» Task
Please reproduce the lines of the records below from the one holding "이렇게 DB에 저장된" through the one holding "12月30日讯 非洲杯小组赛A组第3轮,摩洛哥客战赞比亚,赛前双方首发公布。", inclusive, skipping all pictures.

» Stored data
============================================================

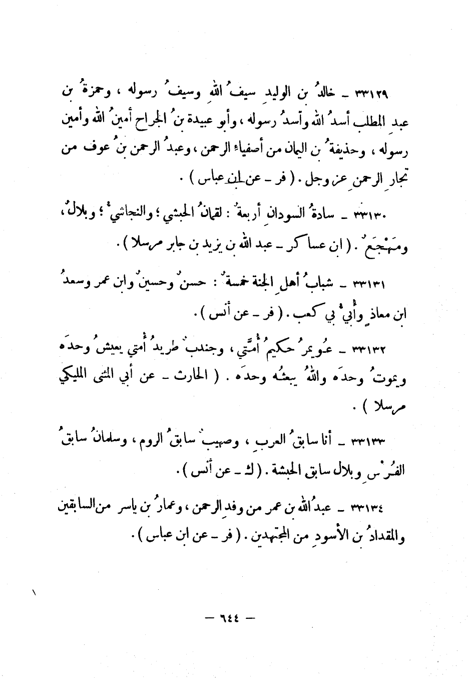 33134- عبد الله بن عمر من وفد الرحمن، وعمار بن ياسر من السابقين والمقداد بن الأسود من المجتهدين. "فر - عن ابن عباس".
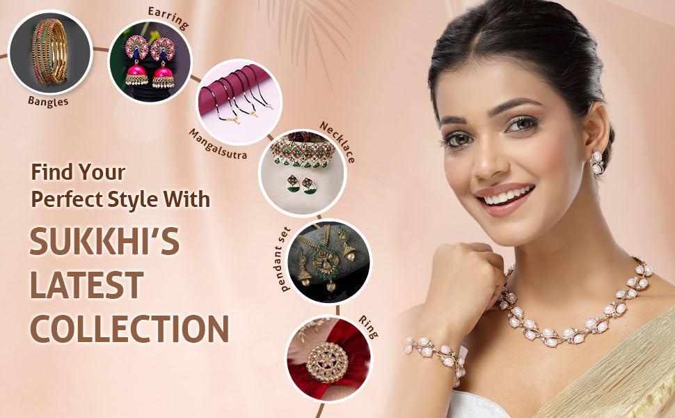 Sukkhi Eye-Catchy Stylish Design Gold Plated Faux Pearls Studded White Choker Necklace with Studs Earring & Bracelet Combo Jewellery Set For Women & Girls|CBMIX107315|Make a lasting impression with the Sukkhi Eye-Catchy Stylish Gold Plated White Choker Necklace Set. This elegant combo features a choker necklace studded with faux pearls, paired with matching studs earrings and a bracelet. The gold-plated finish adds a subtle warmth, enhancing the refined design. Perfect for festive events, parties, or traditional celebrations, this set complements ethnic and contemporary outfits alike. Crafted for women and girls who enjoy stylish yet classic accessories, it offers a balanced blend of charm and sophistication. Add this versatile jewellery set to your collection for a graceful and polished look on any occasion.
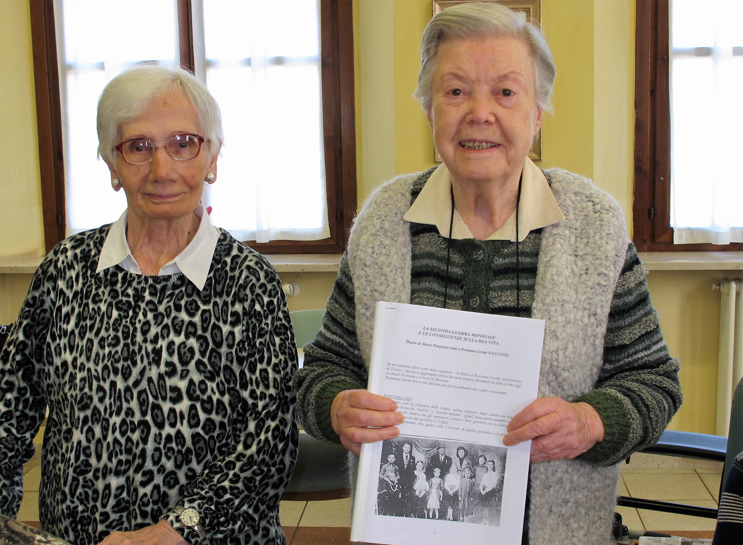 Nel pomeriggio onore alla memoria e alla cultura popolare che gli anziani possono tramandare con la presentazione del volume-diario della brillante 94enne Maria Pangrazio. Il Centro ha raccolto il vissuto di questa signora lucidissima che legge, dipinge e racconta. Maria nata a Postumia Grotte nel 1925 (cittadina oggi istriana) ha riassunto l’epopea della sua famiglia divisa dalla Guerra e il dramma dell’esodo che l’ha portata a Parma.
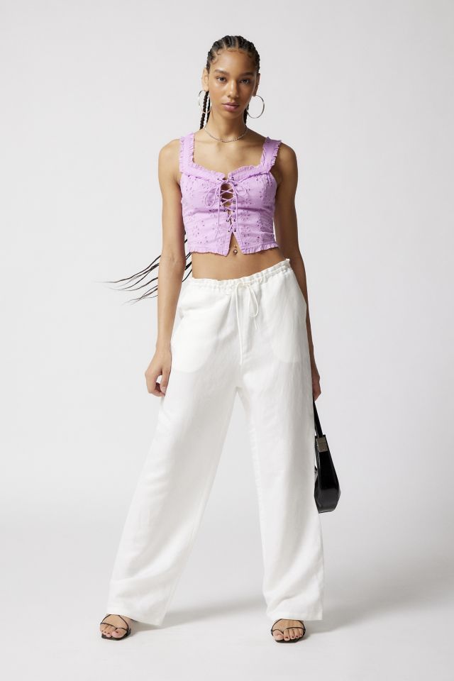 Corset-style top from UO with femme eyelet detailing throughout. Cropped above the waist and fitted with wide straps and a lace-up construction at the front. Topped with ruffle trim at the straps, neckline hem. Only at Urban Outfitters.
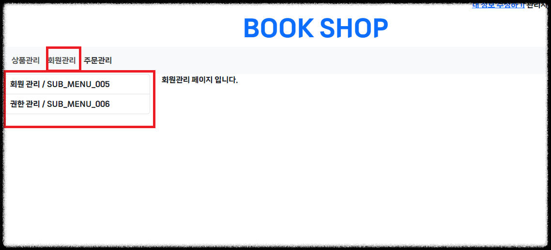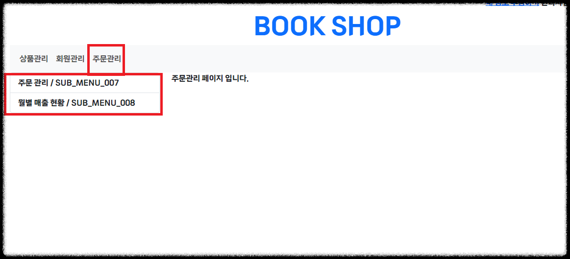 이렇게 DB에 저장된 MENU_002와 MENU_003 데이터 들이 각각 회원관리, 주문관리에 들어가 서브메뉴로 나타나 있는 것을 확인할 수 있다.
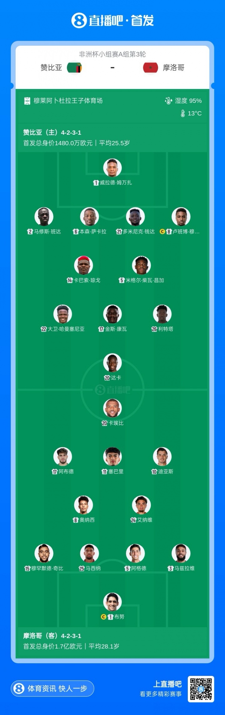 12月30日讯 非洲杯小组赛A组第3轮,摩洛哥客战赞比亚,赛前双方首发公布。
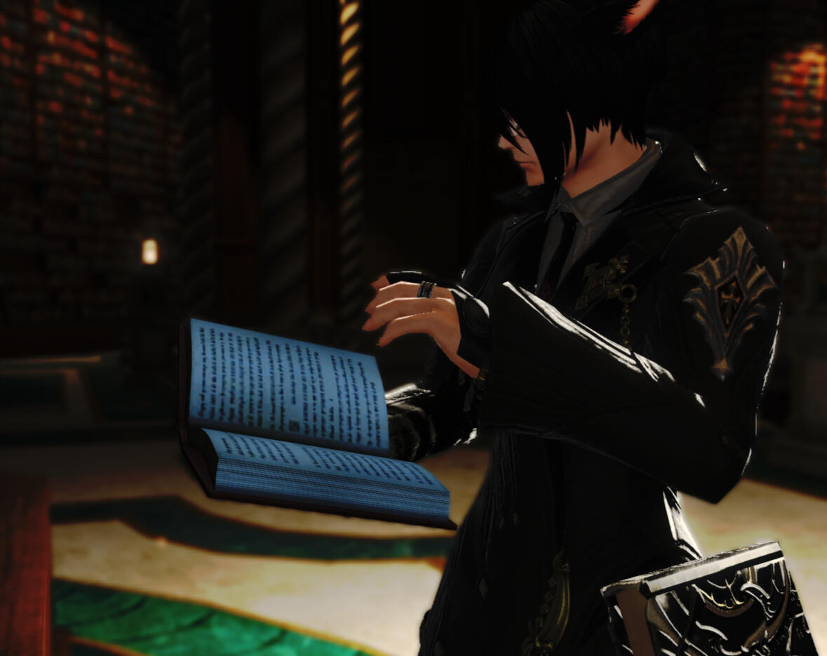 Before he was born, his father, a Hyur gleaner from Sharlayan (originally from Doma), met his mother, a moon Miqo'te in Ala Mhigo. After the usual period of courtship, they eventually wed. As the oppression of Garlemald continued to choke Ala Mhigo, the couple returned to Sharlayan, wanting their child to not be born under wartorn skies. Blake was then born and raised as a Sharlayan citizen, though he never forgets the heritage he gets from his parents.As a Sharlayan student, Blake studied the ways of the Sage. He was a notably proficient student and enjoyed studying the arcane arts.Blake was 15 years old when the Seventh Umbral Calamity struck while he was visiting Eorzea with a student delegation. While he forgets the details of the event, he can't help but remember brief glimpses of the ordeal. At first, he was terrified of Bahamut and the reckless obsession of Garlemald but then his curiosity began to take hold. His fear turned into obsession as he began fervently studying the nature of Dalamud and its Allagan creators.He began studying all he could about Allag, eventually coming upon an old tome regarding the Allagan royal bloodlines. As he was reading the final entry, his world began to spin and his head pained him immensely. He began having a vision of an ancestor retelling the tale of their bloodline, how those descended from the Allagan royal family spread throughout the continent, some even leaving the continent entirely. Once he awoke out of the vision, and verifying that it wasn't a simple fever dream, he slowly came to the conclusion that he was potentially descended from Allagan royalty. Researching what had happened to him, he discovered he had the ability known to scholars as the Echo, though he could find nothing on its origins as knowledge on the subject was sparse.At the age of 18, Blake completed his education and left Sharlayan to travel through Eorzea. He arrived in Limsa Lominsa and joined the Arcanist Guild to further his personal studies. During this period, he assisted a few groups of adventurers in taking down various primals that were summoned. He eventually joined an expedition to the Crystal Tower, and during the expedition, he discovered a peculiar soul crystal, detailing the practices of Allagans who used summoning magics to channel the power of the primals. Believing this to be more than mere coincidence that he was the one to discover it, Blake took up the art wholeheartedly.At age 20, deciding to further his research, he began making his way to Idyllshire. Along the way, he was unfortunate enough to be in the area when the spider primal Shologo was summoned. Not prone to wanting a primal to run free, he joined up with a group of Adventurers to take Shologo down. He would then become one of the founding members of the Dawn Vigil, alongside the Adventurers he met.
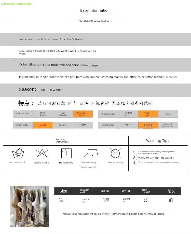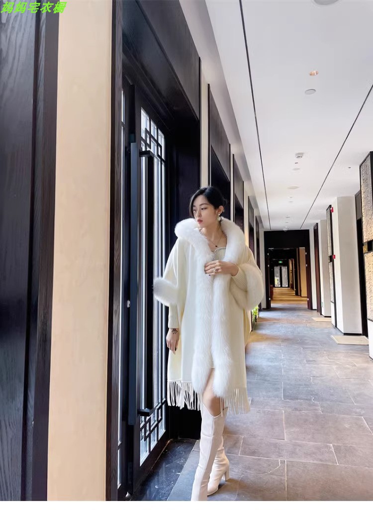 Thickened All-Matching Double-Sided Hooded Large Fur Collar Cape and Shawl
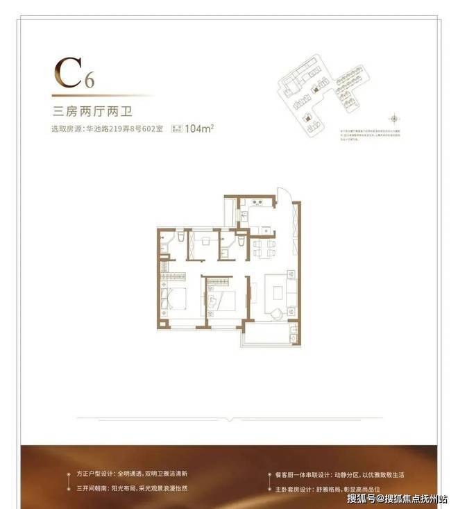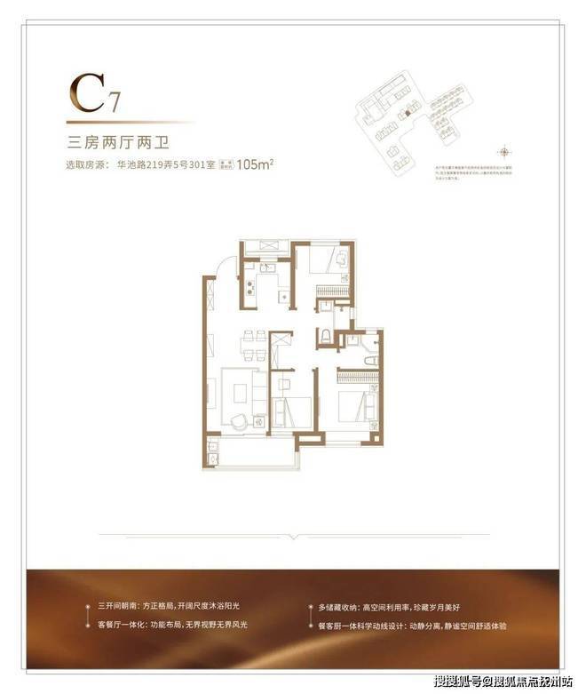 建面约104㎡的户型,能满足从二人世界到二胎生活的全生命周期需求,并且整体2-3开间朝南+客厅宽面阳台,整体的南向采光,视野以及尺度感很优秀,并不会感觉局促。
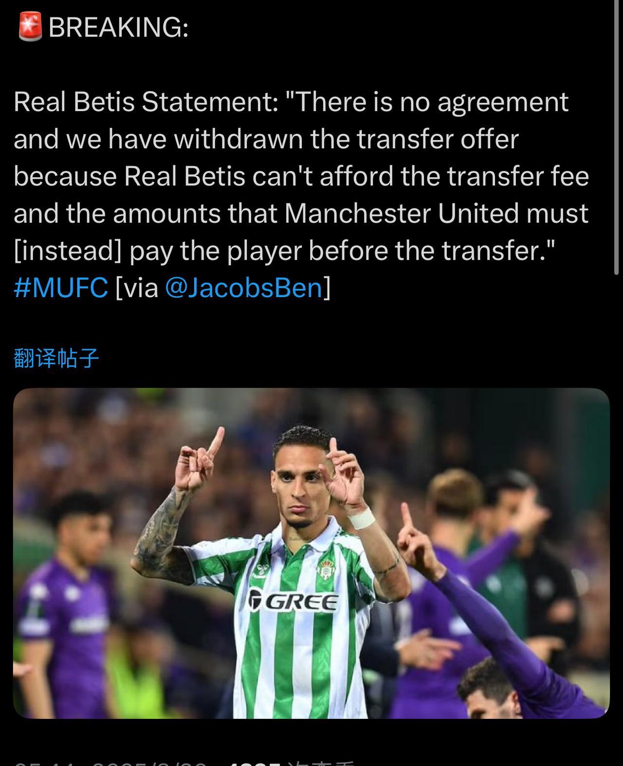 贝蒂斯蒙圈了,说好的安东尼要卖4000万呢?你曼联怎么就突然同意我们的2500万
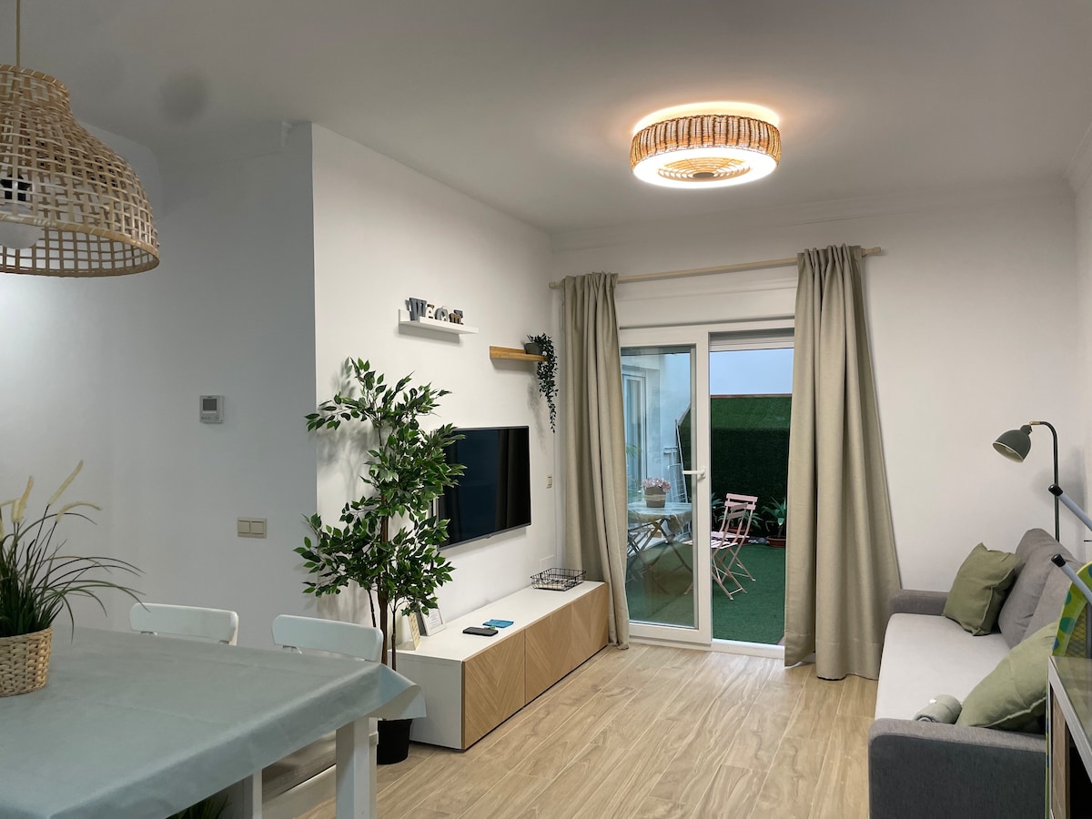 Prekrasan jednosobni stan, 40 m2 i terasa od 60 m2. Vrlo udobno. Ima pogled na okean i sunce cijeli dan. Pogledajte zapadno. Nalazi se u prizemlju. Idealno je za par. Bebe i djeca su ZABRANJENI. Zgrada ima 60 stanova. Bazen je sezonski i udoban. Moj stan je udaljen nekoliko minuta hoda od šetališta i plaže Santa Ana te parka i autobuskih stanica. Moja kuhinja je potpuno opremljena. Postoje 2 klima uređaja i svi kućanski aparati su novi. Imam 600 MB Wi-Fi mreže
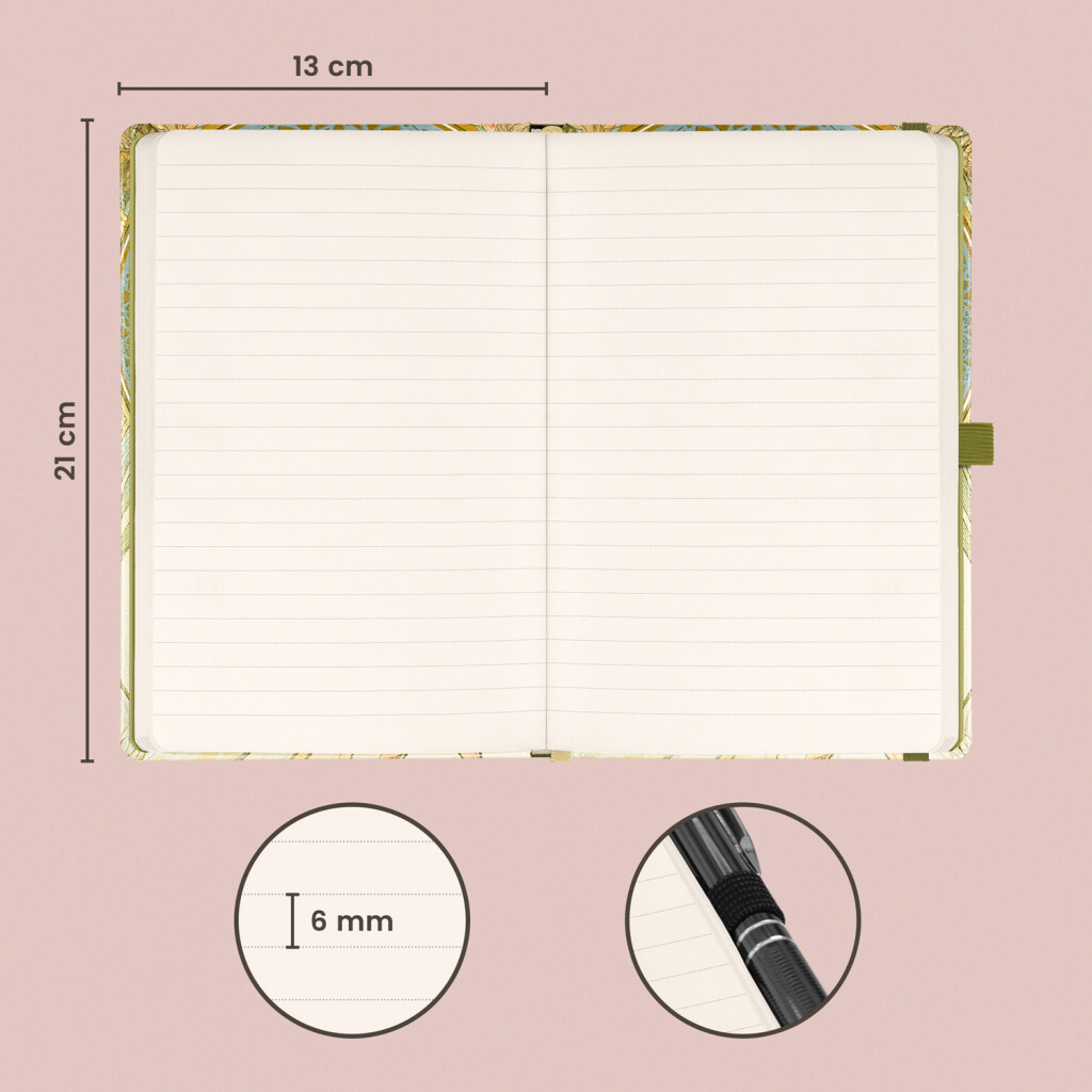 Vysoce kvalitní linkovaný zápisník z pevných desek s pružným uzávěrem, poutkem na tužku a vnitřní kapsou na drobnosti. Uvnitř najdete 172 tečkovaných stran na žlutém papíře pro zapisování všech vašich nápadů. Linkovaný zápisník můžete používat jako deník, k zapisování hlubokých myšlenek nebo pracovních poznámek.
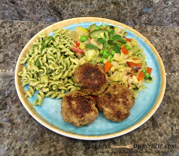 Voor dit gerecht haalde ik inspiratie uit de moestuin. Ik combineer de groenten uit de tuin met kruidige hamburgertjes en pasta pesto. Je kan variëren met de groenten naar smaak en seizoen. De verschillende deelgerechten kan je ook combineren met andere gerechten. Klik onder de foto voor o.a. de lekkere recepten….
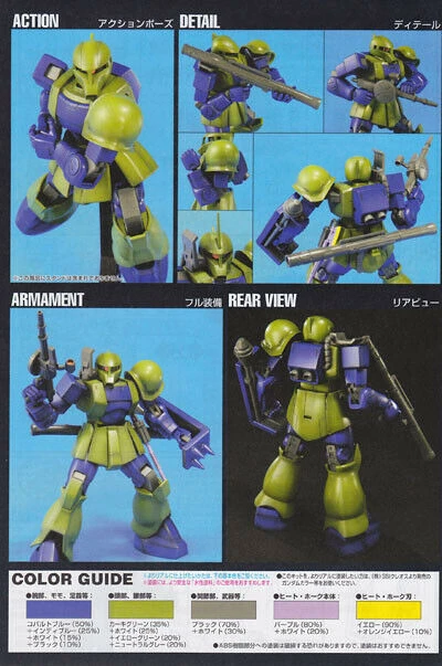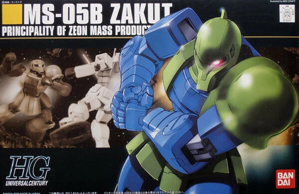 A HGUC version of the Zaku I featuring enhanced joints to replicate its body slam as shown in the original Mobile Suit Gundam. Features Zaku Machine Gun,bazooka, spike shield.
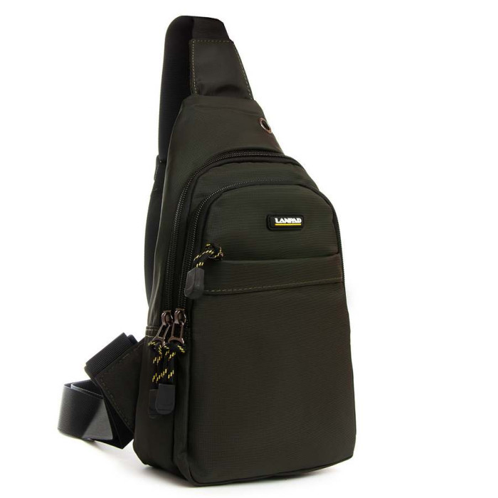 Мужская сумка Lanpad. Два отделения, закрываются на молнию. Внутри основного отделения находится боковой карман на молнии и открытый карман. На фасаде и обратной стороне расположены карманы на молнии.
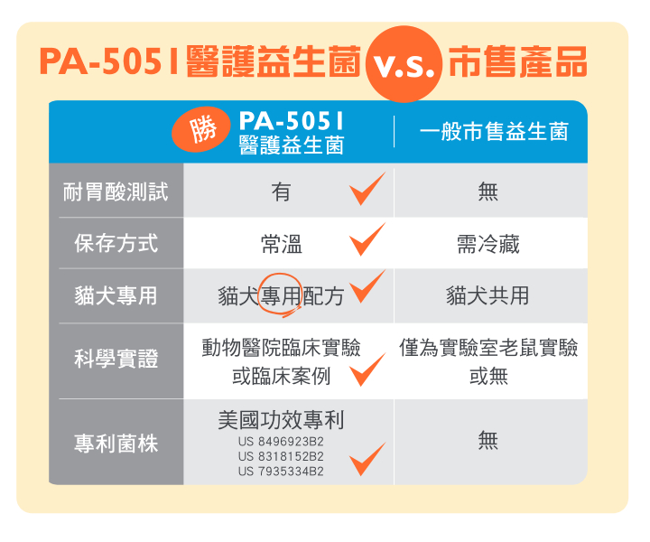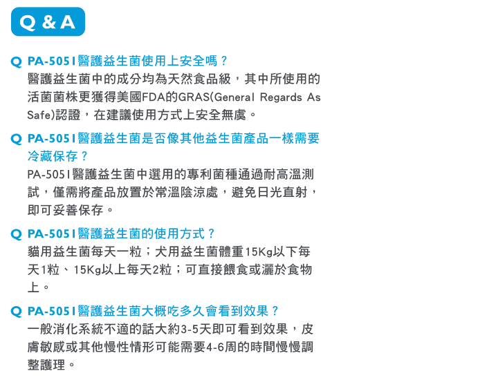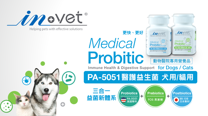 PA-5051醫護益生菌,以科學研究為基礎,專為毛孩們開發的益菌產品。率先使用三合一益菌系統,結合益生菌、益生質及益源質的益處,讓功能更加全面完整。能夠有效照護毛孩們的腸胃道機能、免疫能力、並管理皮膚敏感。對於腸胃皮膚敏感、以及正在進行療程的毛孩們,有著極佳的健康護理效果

============================================================

» Exercise output
 이렇게 DB에 저장된 MENU_002와 MENU_003 데이터 들이 각각 회원관리, 주문관리에 들어가 서브메뉴로 나타나 있는 것을 확인할 수 있다.
 12月30日讯 非洲杯小组赛A组第3轮,摩洛哥客战赞比亚,赛前双方首发公布。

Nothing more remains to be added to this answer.